По освобождении кошелек предъявил тысячу восемьсот пятьдесят рублей: на полсотни больше последней выдачи, как и наладился.
Спорить и бессмысленно ломиться против судьбы они с Верочкой не стали, деньги отложили, а часть пустили на жизнь.
Ночью в туалете Павел Арсентьевич составил крайне детальный список: что в жизни делать обязательно, а что – сверх программы. «И никакого произвольного катания, – шептал он, – никакой самодеятельности».
Жизнь приобрела напряженность эксперимента. Павел Арсентьевич боялся лишний раз улыбнуться. Мучился, взвешивая каждое слово. Дома обедал, смотрел телевизор и ложился спать – все. «Как все нормальные мужья», – веско объяснил Верочке.
Еще пятнадцать суток.
Тысяча девятьсот.
Нехороший блеск затлел в глазах Павла Арсентьевича. Ночами он просыпался от сердцебиений (по-современному – тахикардия).
Назавтра, скованный от злости, он сидел в вагоне метро, отыскивая глазами женщин постарше, поседее; и сидел.
Танечке Березенько ни с того ни с сего влепил, что надо соотносить траты со средствами.
В скороходовском дворе оглянулся, подобрал камешек и с силой запустил в голубя; не попал.
Сергееву велел пошевеливаться с долгом; он не миллионер.
Тимофеевой-Томпсон прописал ходить в обуви без каблуков: и по возрасту приличнее, и для ног легче. «А также для чужих рук», – негромко добавил.
Какие услуги!..
Пружина разворачивалась в другую сторону: треск и щепки летели. В воздухе лаборатории пышным цветом распустились нервозные колючки.

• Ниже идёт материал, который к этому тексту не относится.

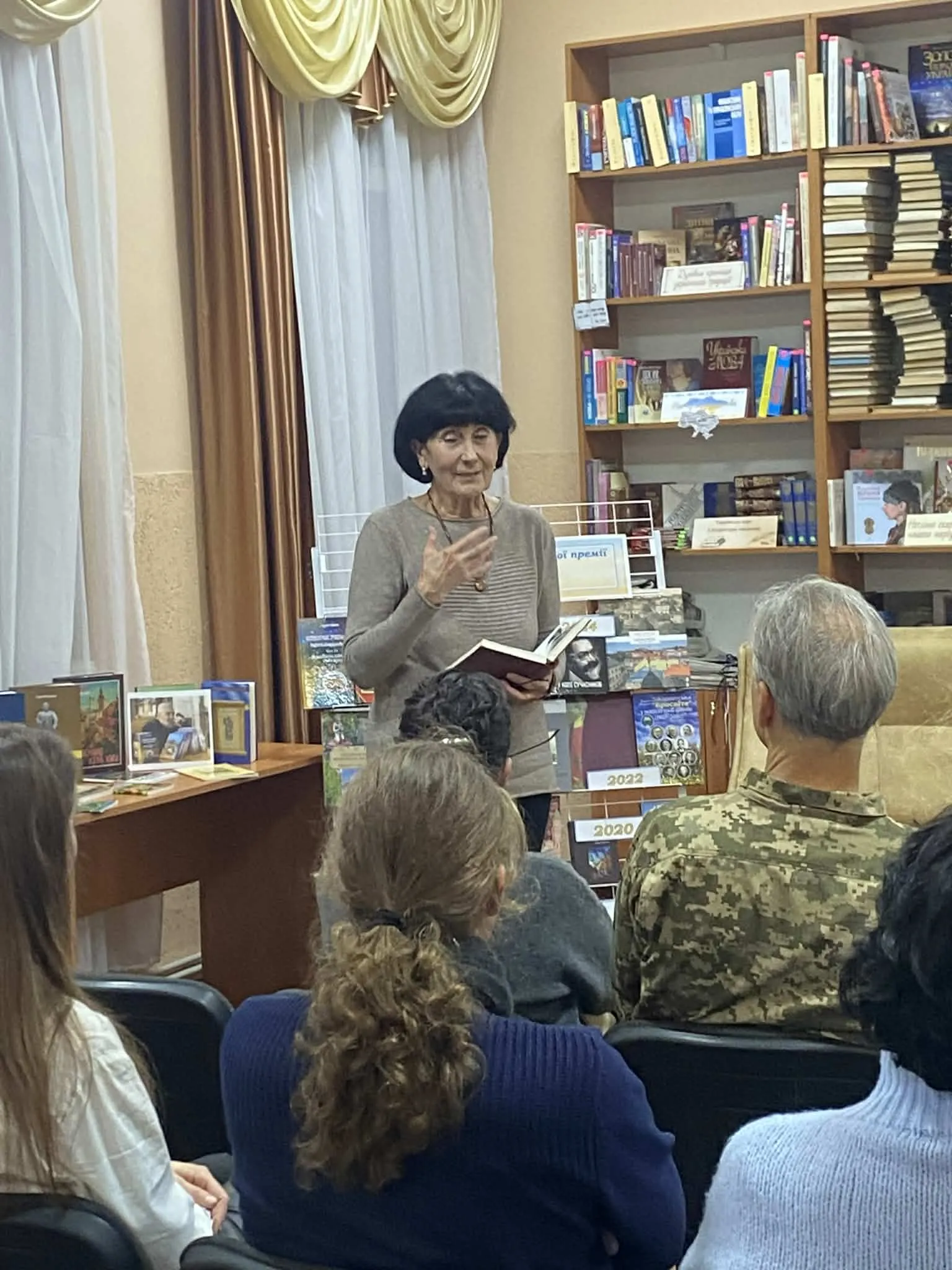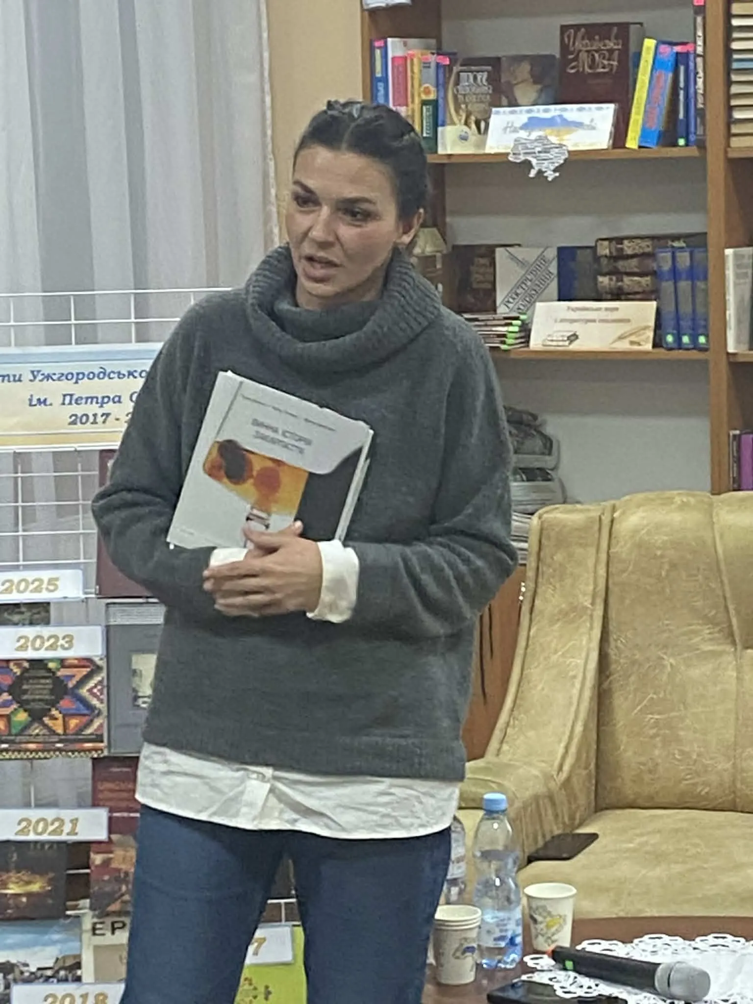 🗣️Зустріч відкрила директорка Ужгородської публічної бібліотеки Людмила Ленарт, прочитавши вірш Петра Скунця. Акцію ініціював письменник і журналіст Олександр Гаврош, адже дуже часто книжки, відзначені премією Ужгородської міської ради, залишаються малопомітними для широкої громадськості. Тому є потреба в їхньому ширшому представленні.

Зелинской и Лосевой было велено пройти заочный курс техникума легкой и обувной промышленности, а также бросить бегать в театр и записаться – с целью замужества – в клуб «Тем, кому за 30».
Агаряну было положено заявление о десятке прибавки. Агарян вырвал два волоска из усиков, подписал и двинул в бухгалтерию.
Павел Арсентьевич ждал конца этих пятнадцати суток, как зимовщик – уже показавшегося на горизонте корабля со сменой. Корабль подвалил, и в пену прибоя посыпались с автоматами над головой десантники в чужой форме.
Тысяча девятьсот пятьдесят.
Любимым местом в доме постепенно стала у Павла Арсентьевича ванная. Там он мог быть один, долго и вроде по делу. Он пристрастился сидеть там часа по два каждый вечер; дети мыли руки перед сном на кухне.
Он сидел под душем, хлещущим по разгоряченному лысеющему темени, время от времени высовываясь к прислоненной у мыльницы сигарете. «Гад, – шептал он, затягиваясь, – паразит, врешь, что хочу, то и делаю».
Чего он хотел, он уже решительно не знал, а делал следующее:
Потребовал двухдневную путевку в профилакторий; и получил, и не поехал, но Сорокин тоже не поехал.
Совершил прогул: вызвал врача, настучал градусник, подарил коробку конфет и получил больничный по гриппу на пять дней. Позвонил в лабораторию (телефон стоял давно – триста ре) и злобно потребовал навестить его – как он навещал всех. Вечером примчалась делегация в составе Зелинской и Лосевой с хризантемами и Супруна с «Мускатом», которую Павел Арсентьевич и велел Верочке не пускать, передав, что он заснул впервые за двое суток.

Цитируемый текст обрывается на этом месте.